--- SUPPLIED INFORMATION Enclosed Below ---

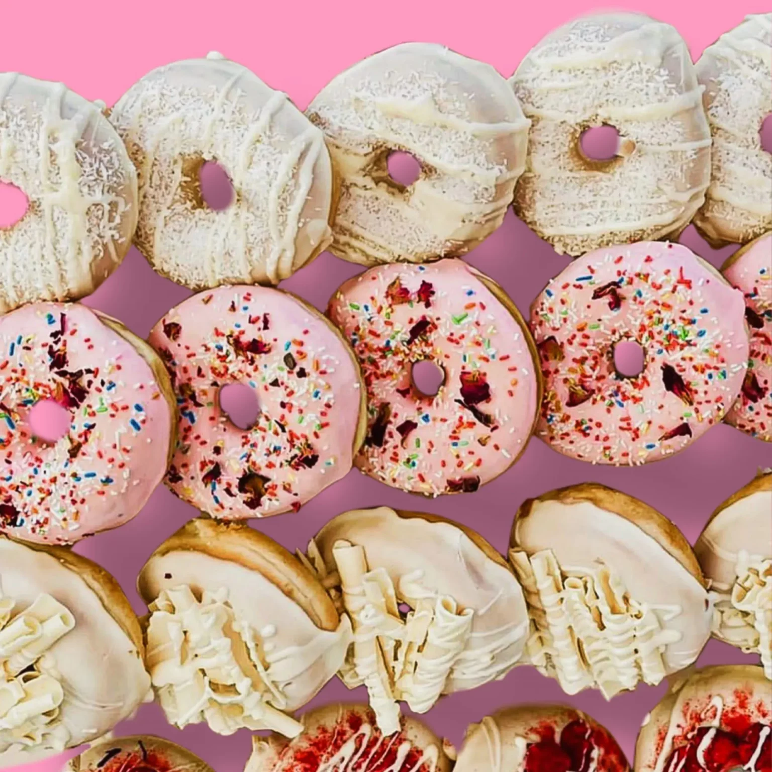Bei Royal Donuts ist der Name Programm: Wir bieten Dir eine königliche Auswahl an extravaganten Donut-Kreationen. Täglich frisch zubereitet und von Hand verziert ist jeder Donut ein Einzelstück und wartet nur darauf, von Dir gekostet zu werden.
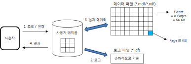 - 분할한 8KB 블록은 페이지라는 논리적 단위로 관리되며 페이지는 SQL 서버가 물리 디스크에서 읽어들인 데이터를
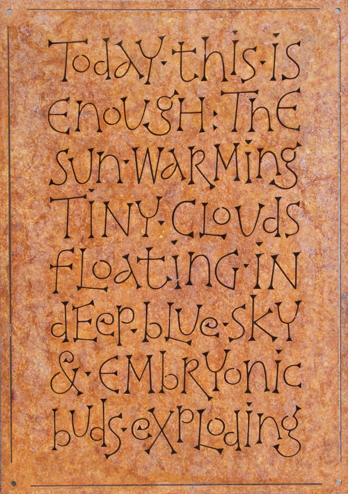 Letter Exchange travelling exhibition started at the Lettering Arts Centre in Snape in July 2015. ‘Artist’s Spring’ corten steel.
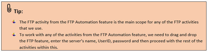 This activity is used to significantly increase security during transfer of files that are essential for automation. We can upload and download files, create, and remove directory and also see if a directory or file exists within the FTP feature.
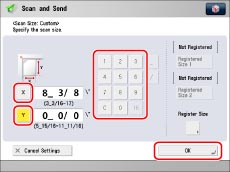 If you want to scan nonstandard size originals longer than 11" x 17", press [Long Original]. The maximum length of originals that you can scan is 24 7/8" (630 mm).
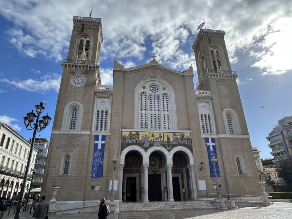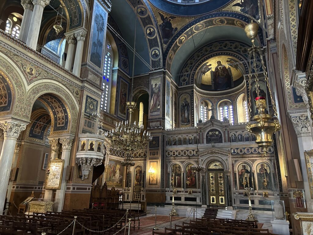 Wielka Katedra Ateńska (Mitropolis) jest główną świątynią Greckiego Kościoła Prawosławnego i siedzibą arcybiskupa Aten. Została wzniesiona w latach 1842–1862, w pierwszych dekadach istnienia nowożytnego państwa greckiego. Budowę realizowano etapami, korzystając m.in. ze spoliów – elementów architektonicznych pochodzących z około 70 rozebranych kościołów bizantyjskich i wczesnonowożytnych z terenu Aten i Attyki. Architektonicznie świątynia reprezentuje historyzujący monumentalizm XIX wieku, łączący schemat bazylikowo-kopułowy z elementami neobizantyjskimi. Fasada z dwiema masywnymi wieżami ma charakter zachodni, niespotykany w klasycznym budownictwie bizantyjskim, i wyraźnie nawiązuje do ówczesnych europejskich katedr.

--- End of Enclosed SUPPLIED INFORMATION ---

= PROBLEM STATEMENT =
Once the pictures are set aside, the remaining data must be transcribed exactly.

= TASK SOLUTION =
Bei Royal Donuts ist der Name Programm: Wir bieten Dir eine königliche Auswahl an extravaganten Donut-Kreationen. Täglich frisch zubereitet und von Hand verziert ist jeder Donut ein Einzelstück und wartet nur darauf, von Dir gekostet zu werden.
 - 분할한 8KB 블록은 페이지라는 논리적 단위로 관리되며 페이지는 SQL 서버가 물리 디스크에서 읽어들인 데이터를
 Letter Exchange travelling exhibition started at the Lettering Arts Centre in Snape in July 2015. ‘Artist’s Spring’ corten steel.
 This activity is used to significantly increase security during transfer of files that are essential for automation. We can upload and download files, create, and remove directory and also see if a directory or file exists within the FTP feature.
 If you want to scan nonstandard size originals longer than 11" x 17", press [Long Original]. The maximum length of originals that you can scan is 24 7/8" (630 mm).
 Wielka Katedra Ateńska (Mitropolis) jest główną świątynią Greckiego Kościoła Prawosławnego i siedzibą arcybiskupa Aten. Została wzniesiona w latach 1842–1862, w pierwszych dekadach istnienia nowożytnego państwa greckiego. Budowę realizowano etapami, korzystając m.in. ze spoliów – elementów architektonicznych pochodzących z około 70 rozebranych kościołów bizantyjskich i wczesnonowożytnych z terenu Aten i Attyki. Architektonicznie świątynia reprezentuje historyzujący monumentalizm XIX wieku, łączący schemat bazylikowo-kopułowy z elementami neobizantyjskimi. Fasada z dwiema masywnymi wieżami ma charakter zachodni, niespotykany w klasycznym budownictwie bizantyjskim, i wyraźnie nawiązuje do ówczesnych europejskich katedr.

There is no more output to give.